Charles Dickens and Professor Pepper’s ghost at the Dickens museum
One December evening 160 years ago, during a stage performance of one of Dickens’s plays, the London audience was startled to see a ghost walk across the stage.
The play was The Haunted Man, and this was the first ever use of Pepper’s Ghost, a method of projecting the illusion of a ghost into a theatre. It caused a sensation, and this winter, the Charles Dickens Museum is looking at the author’s fascination with ghosts and the supernatural. Although he’s famous for the Christmas ghosts, the museum is looking wider at his other stories of the supernatural, and also away from his fiction, at the man’s own deeply held scepticism about the existence of ghosts.
Despite his own thoughts about the existence of ghosts, he still managed to write over 20 ghost stories in a 30-year period. The exhibition introduces what Dickens’ friend and first biographer, John Forster called his “hankering after” ghosts.
The Haunted House, the story that so startled London’s theatregoers is a collection of other writers’ works along with his own, telling the tale of seven friends who recount ghost stories to each other on twelfth night. Although published successfully in 1859, the performance at the London Polytechnic in 1862 with the apparition of a ghost on stage gave it renewed vigour.
Dickens was fascinated with the idea of ghosts, and there’s a lot of correspondence with author and ghost-supporter, William Howitt who often sent him on wild goose chases around supposedly haunted houses and pubs. Just a year later, Dickens’s friendship with Howitt broke down after Dickens kept insisting that ghosts didn’t exist – except perhaps on the theatre stage.
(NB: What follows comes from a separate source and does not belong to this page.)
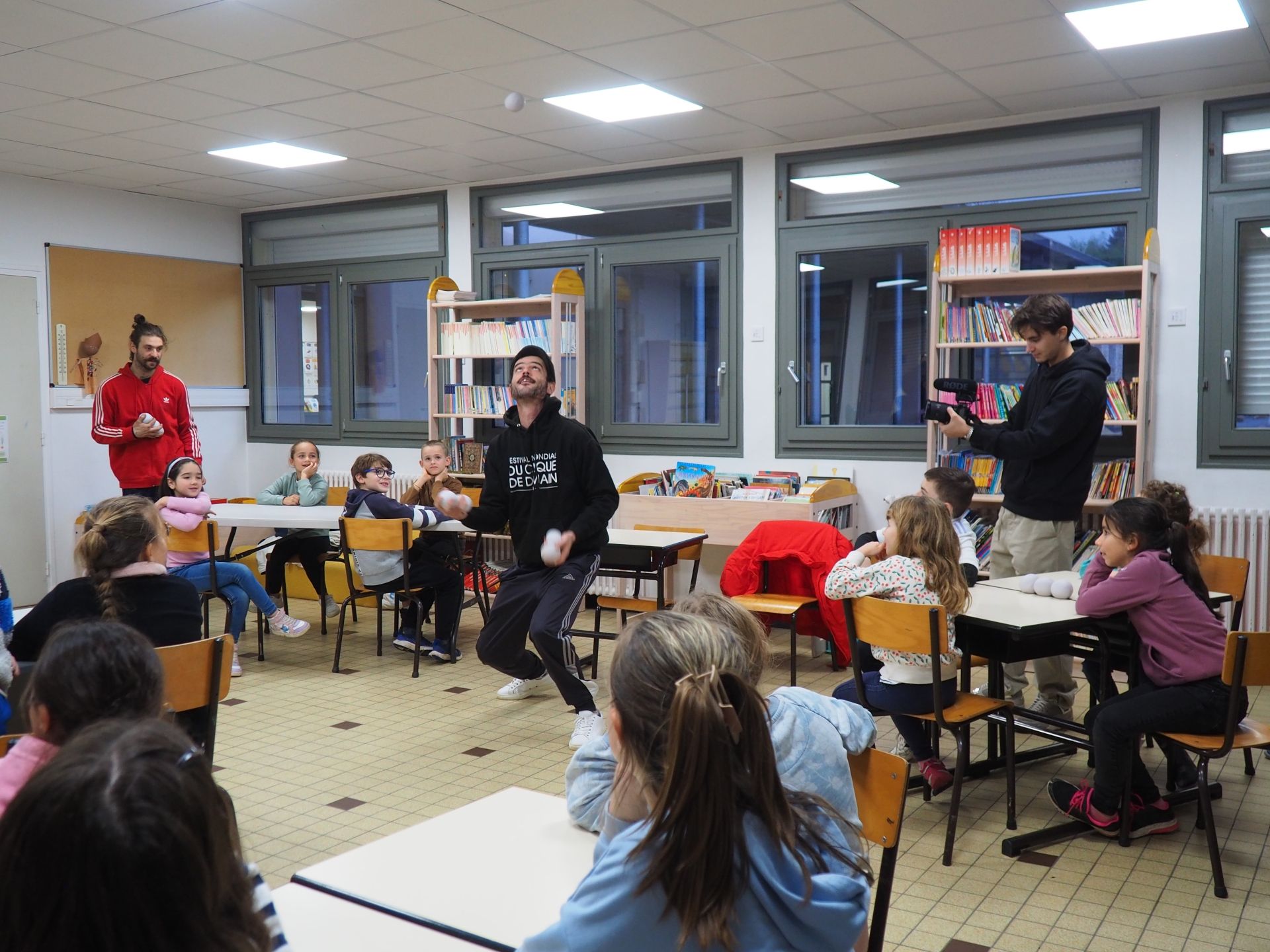 En novembre 2025, les arts du cirque contemporain ont investi les écoles du territoire : du CP au CM2, 12 classes réparties dans 7 écoles ont vécu une immersion artistique exceptionnelle aux côtés des artistes du collectif Merci LaRattrape!

A number of those letters survive and are on display here.
Dicken’s scepticism is hinted at in his most famous ghost story, A Christmas Carol, when Scrooge declared Marley’s ghost to be nothing more than an “undigested bit of beef, a blot of mustard, a crumb of cheese, a fragment of underdone potato,”
No Dickens organisation can ignore A Christmas Carol at this time of year, but possibly the strangest version of A Christmas Carol that has ever been printed has been found, as a Brazilian comic book with the ghost of Christmas Yet to Come represented as a headless flaring mule – a familiar story from Brazilian culture.
Probably the most fun bit though is a small odd looking box in the corner of one of the exhibition rooms – a Victorian stereoscope, where you can see 3D images. An early View-Master, and the museum has been loaned a few slides from Brian May’s private collection, and they’re all showing ghosts and Dickens in spooky 3D effects.
The exhibition, To Be Read At Dusk: Dickens, Ghosts and the Supernatural, is at the Charles Dickens Museum until March 2023.
The entry price is for the whole museum as well as the exhibition.
Adult: £13.13 | Concessions: £11.03 | Child (6-16): £7.88 | Children(<6): Free
Tickets are recommended to be booked in advance from here, especially over the Christmas period when the museum is decorated for Yule and can be rather busy.
If the exhibition gives you a taste for performing some stage magic, there’s the International Magic store just down the road.